O julgamento teve início na quarta-feira quando Ricardo Lewandowski, relator da ação do DEM contra o sistema de reserva de vagas da Universidade de Brasília (UnB), rejeitou o pedido do partido político e reconheceu a constitucionalidade do ingresso. O sistema da UnB prevê a destinação de 20% das vagas do vestibular a candidatos autodeclarados negros ou pardos. A universidade defendia que isso soluciona uma desigualdade histórica. O DEM, por sua vez, afirmava que o sistema fere o princípio da igualdade e ofende dispositivos que estabelecem o direito universal à educação.
Por volta das 19h, o ministro Celso de Mello deu início a sua fala, favorável ao modelo adotado desde 2004 pela Universidade de Brasília (UnB). Antes dele, Marco Aurélio considerou constitucional as cotas. Gilmar Mendes deu o sétimo voto favorável, mas disse que é necessária a revisão do modelo de cotas com uma ressalva ao voto do relator Ricardo Lewandowski.
O ministro Luiz Fux foi o primeiro a se pronunciar nesta quinta-feira. Elogiando o voto do relator feito ontem, Fux definiu que ações afirmativas ainda são necessárias em um País com desigualdades sociais tão grandes como o Brasil. "A opressão racial dos anos da sociedade escravocrata brasileira deixou cicatrizes que se refletem no campo da escolaridade. A injustiça do sistema é absolutamente intolerável", disse.
Confusão
Quase ao final de seu voto, o ministro Fux foi interrompido por um índio que protestava dentro do plenário pela inclusão da etnia nas discussões sobre o sistema de cotas. Identificado como Araju Sepeti, o índio guarani de Mato Grosso chamou os ministro de racistas e urubus e foi retirado pelos seguranças da Corte.
Após a retomada da sessão, Fux disse que "a ansiedade é o mal da humanidade" e então citou o direito dos indígenas, conforme tinha pedido o índio retirado do plenário.
A ministra Rosa Weber, por sua vez, afirmou que não se pode dizer que os brancos em piores condições financeiras têm as mesmas dificuldades dos negros, porque nas esferas mais almejadas das sociedades a proporção de brancos é maior que de negros.
"A representatividade, na pirâmide social, não está equilibrada. Se os negros não chegam à universidade, por óbvio não compartilham com igualdade de condições das mesmas chances dos brancos. Se a quantidade de brancos e negros fosse equilibrada, seria plausível dizer que o fator cor é desimportante. A mim não parece razoável reduzir a desigualdade social brasileira ao critério econômico", disse a ministra.
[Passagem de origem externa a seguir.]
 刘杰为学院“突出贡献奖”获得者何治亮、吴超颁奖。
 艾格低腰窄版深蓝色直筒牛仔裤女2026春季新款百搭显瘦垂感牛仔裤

Já na opinião da ministra Cármen Lúcia, que votou em seguida também a favor das cotas raciais, as ações afirmativas não são as melhores opções. "A melhor opção é ter uma sociedade na qual todo mundo seja livre para ser o que quiser. Isso é uma etapa, um processo, uma necessidade em uma sociedade onde isso não aconteceu naturalmente", disse Cármen Lúcia.
Discriminação enraizada
Após um intervalo de quase 40 minutos, Joaquim Barbosa, o único ministro negro da Corte Suprema, fez um voto que não chegou a 10 minutos. Barbosa acusou que a discriminação está tão enraizada na sociedade brasileira que as pessoas nem percebem.
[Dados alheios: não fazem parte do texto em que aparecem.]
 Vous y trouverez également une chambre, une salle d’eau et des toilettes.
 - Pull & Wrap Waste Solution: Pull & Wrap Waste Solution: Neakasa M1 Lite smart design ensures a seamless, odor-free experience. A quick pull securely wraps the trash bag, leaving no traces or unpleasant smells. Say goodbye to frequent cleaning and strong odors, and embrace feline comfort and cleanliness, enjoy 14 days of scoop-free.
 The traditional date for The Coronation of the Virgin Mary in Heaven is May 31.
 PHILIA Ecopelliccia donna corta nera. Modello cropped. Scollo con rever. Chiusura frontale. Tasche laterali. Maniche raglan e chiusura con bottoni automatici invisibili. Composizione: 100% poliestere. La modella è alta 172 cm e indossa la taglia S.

"Aos esforços de uns em prol da concretização da igualdade que contraponham os interesses de outros na manutenção do status quo, é natural que as ações afirmativas sofram o influxo dessas forças contrapostas e atraiam resistência da parte daqueles que historicamente se beneficiam da discriminação de que são vítimas os grupos minoritários. Ações afirmativas têm como objetivo neutralizar os efeitos perversos da discriminação racial", disse Barbosa em seu voto.
O voto decisivo foi dado pelo ex-presidente da Corte, ministro Cezar Peluso. Interrompido por apartes dos ministros Gilmar Mendes e Joaquim Barbosa, Peluso resumiu a questão ao afirmar que as cotas são necessárias à sociedade brasileira no atual momento, mas que devem ser analisada no futuro para verificar se ainda atingem o objetivo de inserir afrodescendentes em posições de mais destaque.
"Não posso deixar de concordar com o relator que a ideia é adequada, necessária, tem peso suficiente para justificar as restrições que traz a certos direitos de outras etnias. Mas é um experimento que o Estado brasileiro está fazendo e que pode ser controlado e aperfeiçoado", votou o ministro.
Tribunal racial
O ministro Gilmar Mendes criticou o fato de as políticas de cotas da UnB adotarem exclusivamente o critério racial. Ele afirmou que a política pode ser aperfeiçoada e citou o exemplo do Prouni, programa de bolsas de estudo do governo federal, que, além da raça, leva em conta critérios sociais.
"A ideia de tribunal racial evoca a memória de coisas estranhas. Não é um modelo. Seria mais razoável adotar-se um critério objetivo de referência de índole sócio-econômica. Todos podemos imaginar as distorções eventualmente involuntárias e eventuais de caráter voluntário a partir desse tribunal que opera com quase nenhuma transparência. Se conferiu a um grupo de iluminados esse poder que ninguém quer ter de dizer quem é branco e quem é negro em uma sociedade altamente miscigenada", disse o ministro, lembrando do caso envolvendo dois gêmeos univitelinos, em que um entrou na UnB pelo sistema de cotas e o outro foi rejeitado.
Oitavo ministro a votar, Marco Aurélio Mello seguiu o mesmo raciocínio externado pelos ministros Ricardo Lewandowski, Gilmar Mendes e Cármen Lúcia. Para ele, o sistema de cotas é essencial, desde que as políticas sejam temporárias. E é válida, principalmente, pelo que classificou como "neutralidade do Estado" em favor dos afrodescendentes.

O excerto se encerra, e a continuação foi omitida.